Учитывая, что по традиции никто не может понять пророчества, это показалось отчаявшимся вдвойне суровым.

Авл никогда не славился своей настойчивостью. Поскольку оракул показался ему пустой тратой времени, он сдался. Без тени лицемерия он написал своей скептически настроенной сестре, что теперь считает нужным исполнить волю родителей и поступить в университет. Елена расхохоталась. Мне было забавно представить себе реакцию их родителей. Мы предполагали, что раз Авл увидел статую Зевса в Олимпии и исследовал Дельфийское святилище, ему пора добавить великолепный Парфенон в список своих желаний.

Статиан, обезумевший от горя жених, остался позади, все еще ища возможности предоставить Пифии свинцовую табличку с вопросом: «Кто убил мою жену?»; она была неистовой жрицей, которая даже в наши дни сидела на треножнике и жует лавровые листья, пока бог (или лавровые листья) не одарил ее непостижимой мудростью и невыносимой головной болью.

Если Статиан вскоре не присоединится к группе, кому-то придётся отправиться в Дельфы и забрать его. Держу пари, я знаю, кто это будет. Возможно, вызволить его будет проще, когда я сам смогу ответить на его трагический вопрос, поэтому я поместил этого одержимого вдовца в свою ячейку «на потом».

«Как оракул, ты — ленивый ублюдок, Фалько!» — прокомментировала Елена.

«О неверующая женщина! Как оракул, я горячая штучка. Я пророчествую это. Ищи того, кто приходит и уходит, среди тех, кто уходит и приходит».

«Ты думаешь, Финей — убийца? Но Финей сказал тебе, что в решающие моменты он был занят другими людьми, так что это невозможно».

«Финей — явный лжец», — предсказал я.

XXXIII

Поскольку никакая другая тактика затягивания времени мне в голову не приходила, на следующее утро я все же отправился в акрополь.

Я пересёк Форум с северной стороны, в походном снаряжении, и Нукс следовал за мной по пятам.
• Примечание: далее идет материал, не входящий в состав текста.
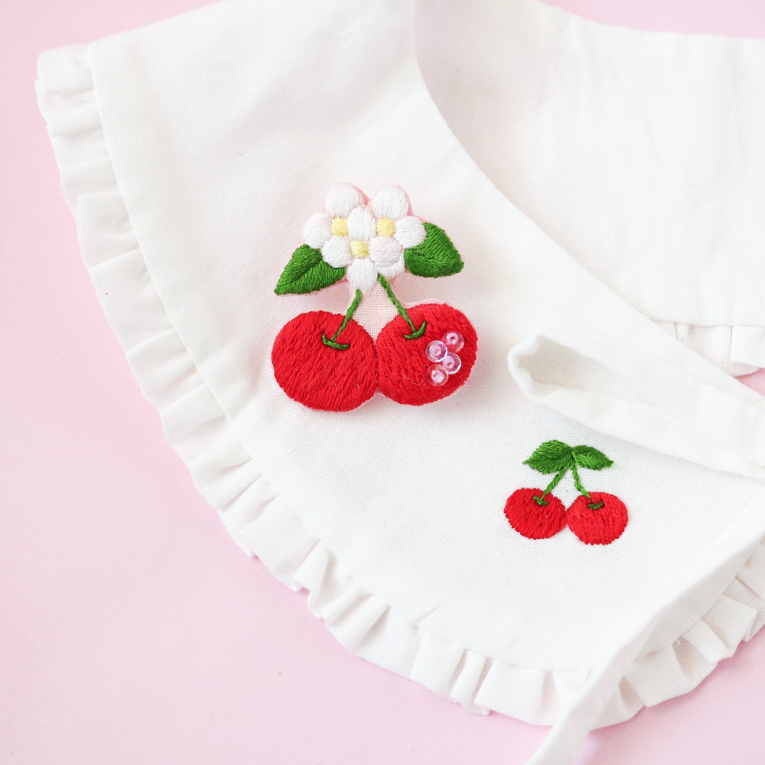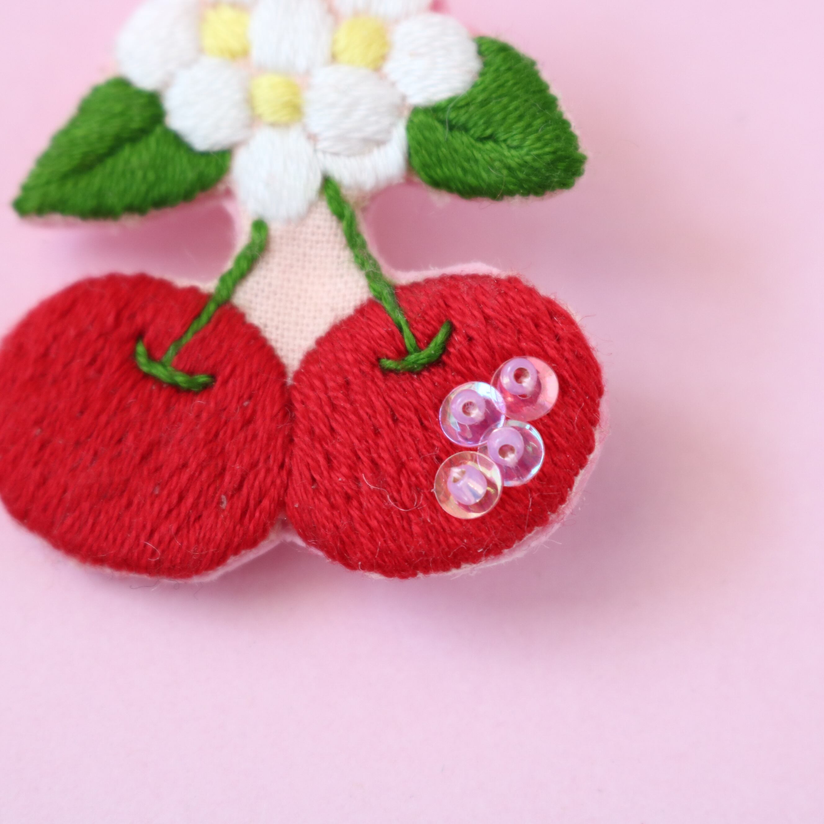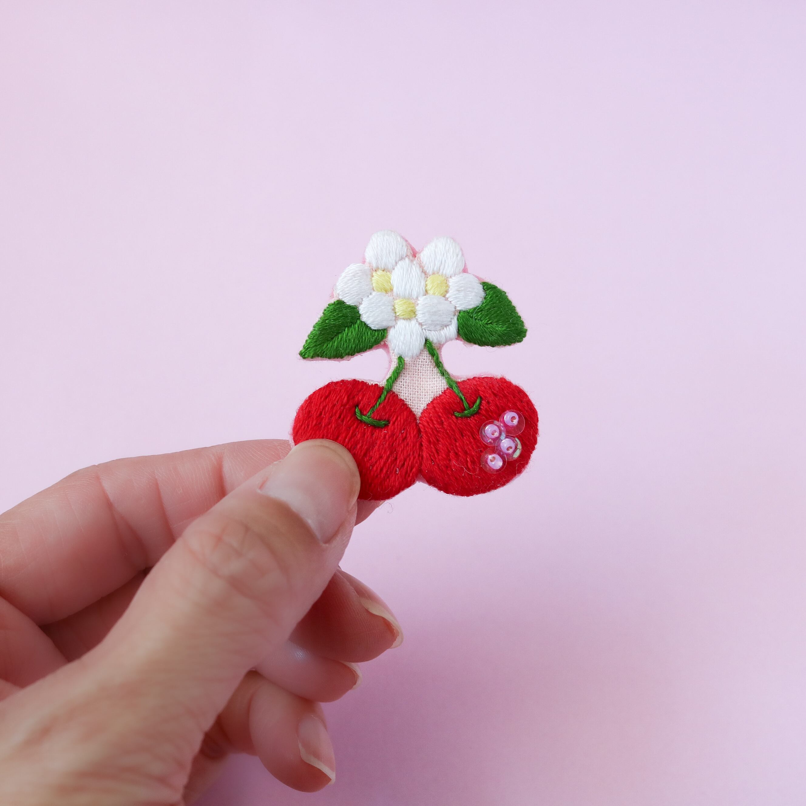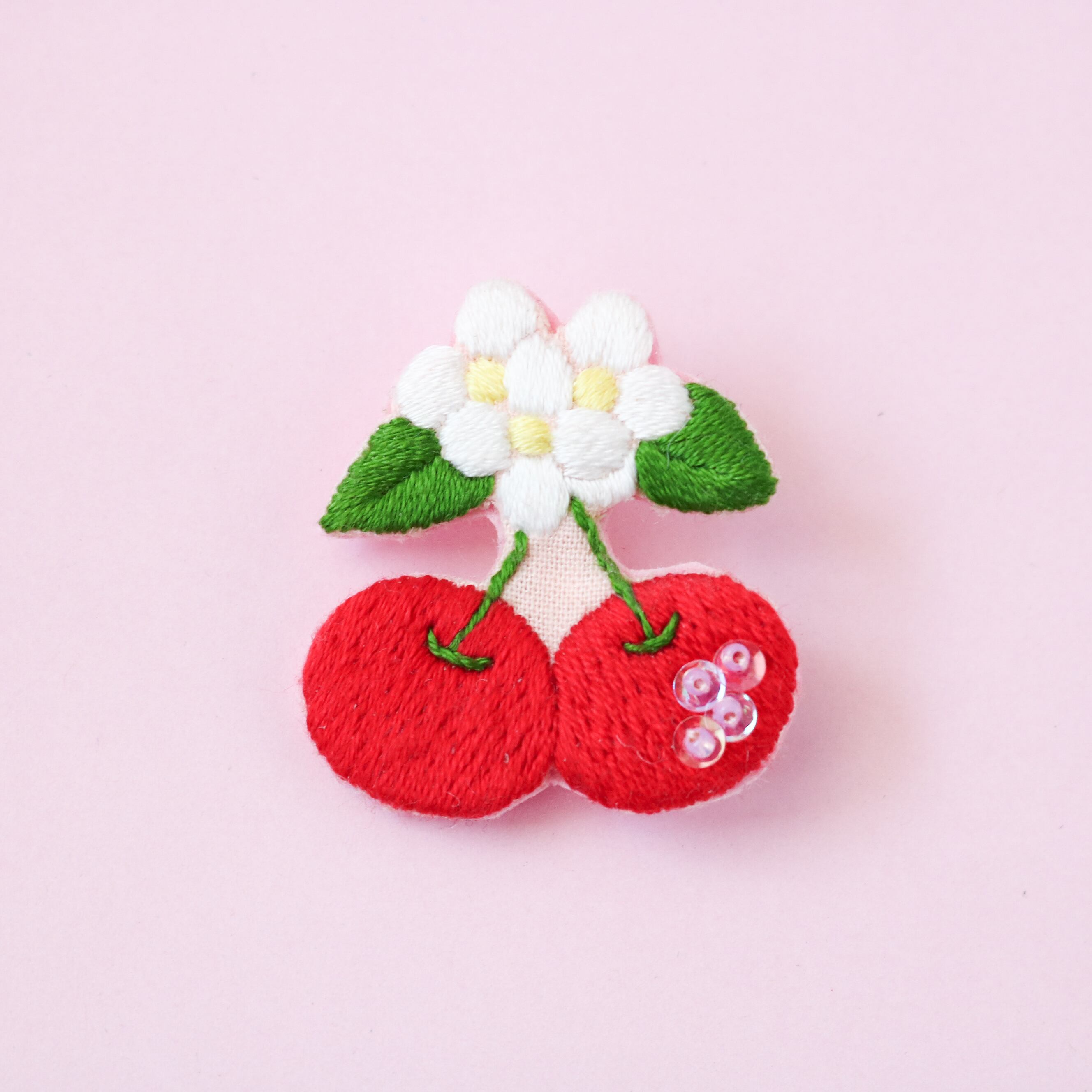 白いお花を付けた可愛いチェリーの刺繍ブローチ

В какой-то момент я заметил Финея у лавки. Он был увлечён разговором с другим человеком, без сомнения, одним из своих многочисленных знакомых; я опустил голову и прошёл незамеченным. Тут меня окликнул чей-то голос. Это был всего лишь Клеоним, вольноотпущенник; он сидел на центральной трибуне в одиночестве, ожидая открытия винных лавок. Его жена и двое их спутников спали с похмелья, поэтому он сказал, что поднимется со мной на скалу, чтобы полюбоваться видами. Нукс вилял хвостом, ожидая гостей, поэтому я согласился.

На Клеониме, поверх богато расшитой туники, красовалась массивная пряжка ремня, а на мускулистых предплечьях сияли такие тяжелые золотые браслеты, что я счел своим долгом убрать его от завистливой толпы.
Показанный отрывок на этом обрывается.